独白





僕の大切にしているスケッチブックがある。表紙が波模様のさらさらした厚紙で出来てて、薄青いそれを見るたびに僕は海みたいだなぁと考える。表紙止めの焦げ茶のリボンを解いてページを開くと、中は全部真っ白で、絵なんかひとっつも書かれていない。だけど何も書かれていないかって言うと、それも違うのだ。僕はちびて短い白色のクレヨンを手にとって、今日も彼女に伝えたい言葉を紙の上に吐き出した。白いクレヨンは白い紙の上で白に混ざって見えなくなった。ぐりぐり滑らせてページいっぱいに僕の、愛、ってやつが溢れかえって、見えなくなって、満足したからまたスケッチブックは閉じて丁寧にリボンを結んでデスクの引き出しの一番下の段へ滑り込ませた。十数冊のカラフルなスケッチブックが詰め込まれているこの引き出しは、一番下の段だけとても重たい。

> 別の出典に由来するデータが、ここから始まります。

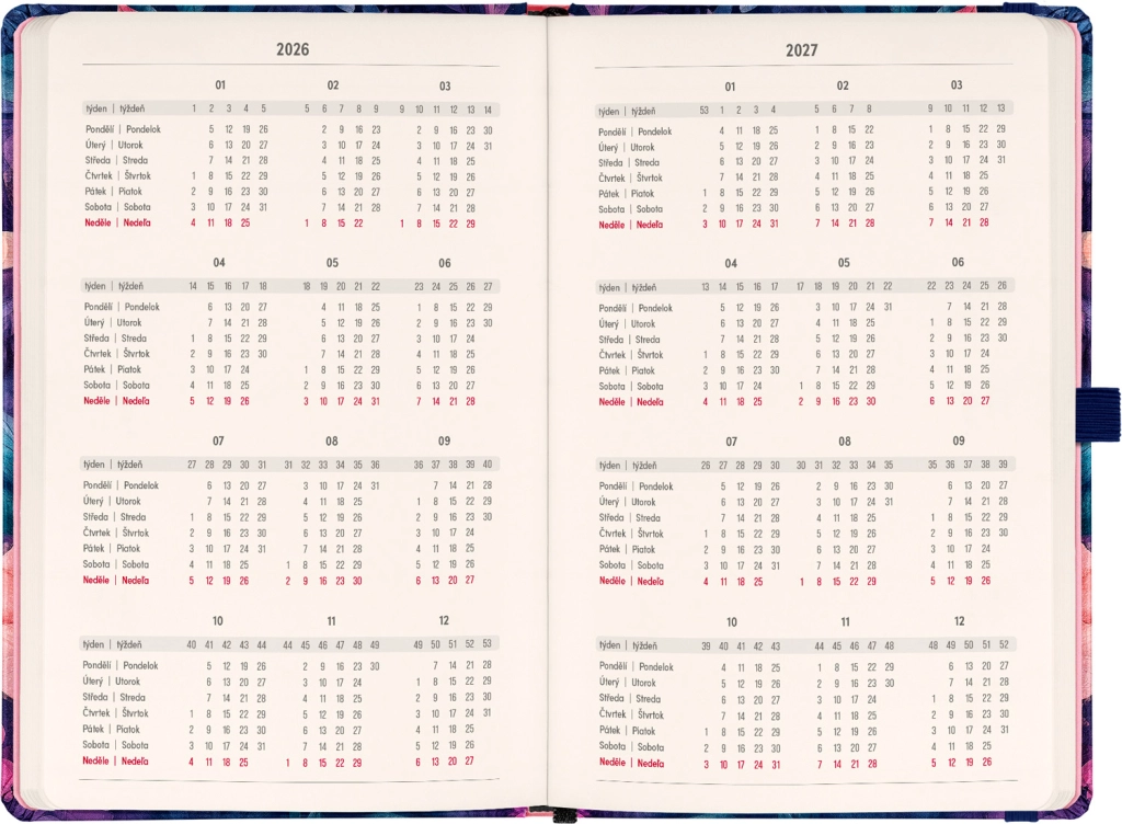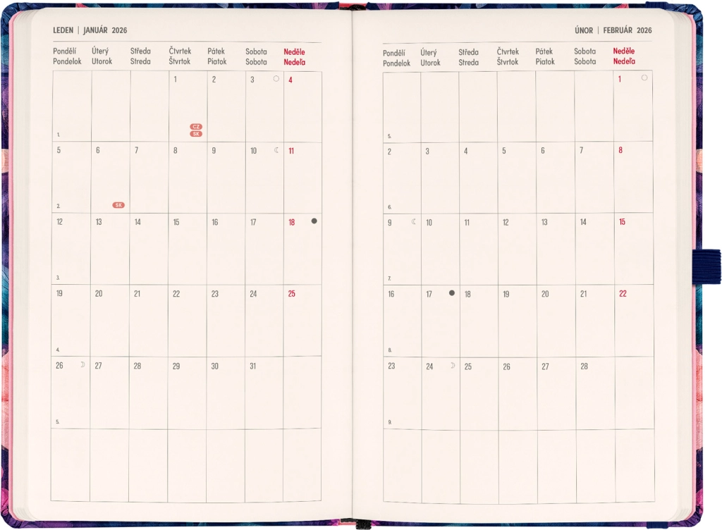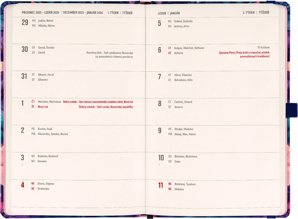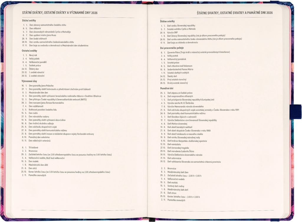 - Calendario quincenal horizontal con festivos checos y eslovacos para una planificación clara.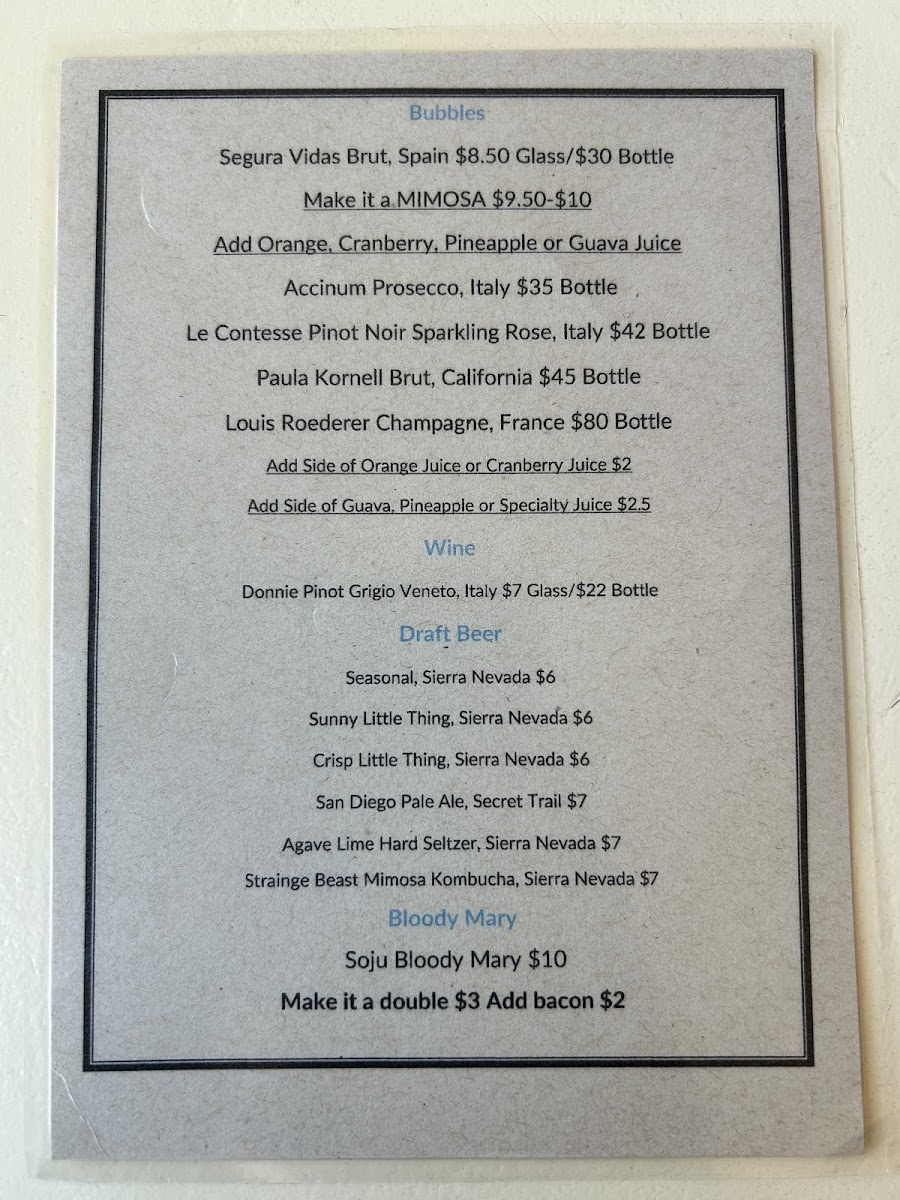 Alongside food, the drink offerings add warmth and subtle complexity to the experience. Espresso-based drinks, from cappuccinos to seasonal chai lattes, pair well with nearly any dish, while carefully selected draft beers and craft seltzers offer a refreshing alternative for a laid-back brunch.

僕の綴った言葉たちは、まっしろな紙にまっしろなクレヨンでかいてるものだから。偶然に誰かがこれを見てしまっても、きっと書いてあることになんか気付かないだろう。もしも彼女がこれを開いたとしても、書いてあることになんか気付けないだろう。たぶん、強くて明るいおひさまにでも透かして見てみなきゃね、並んだ文字には気付かないんだろうと思う。ここは蛍光灯の並ぶ地下だから、僕のあいことば、は、ずっとずっと僕だけしか知らないまんまで、鍵がかかったこの引き出しに、ぽかんと押し込められて終わるんだろうなぁ。デスクに肘をついてぼうっとしていると、胃が痛んでる時みたいに胸がしくしくした。もしも黒いクレヨンで言葉を並べていたなら、何か変わっていたのだろうか。溶けて見えなくなっちゃうようなぼんやりしたものじゃなくって、くっきりと鮮烈に君まで届く気持ちを晒してしまえたのだろうか。コーヒーの香りに混じって、ひそひそ恋人と楽しげに囁いている君の声が聞こえていた。隣に並ぶのは、僕じゃあだめだった?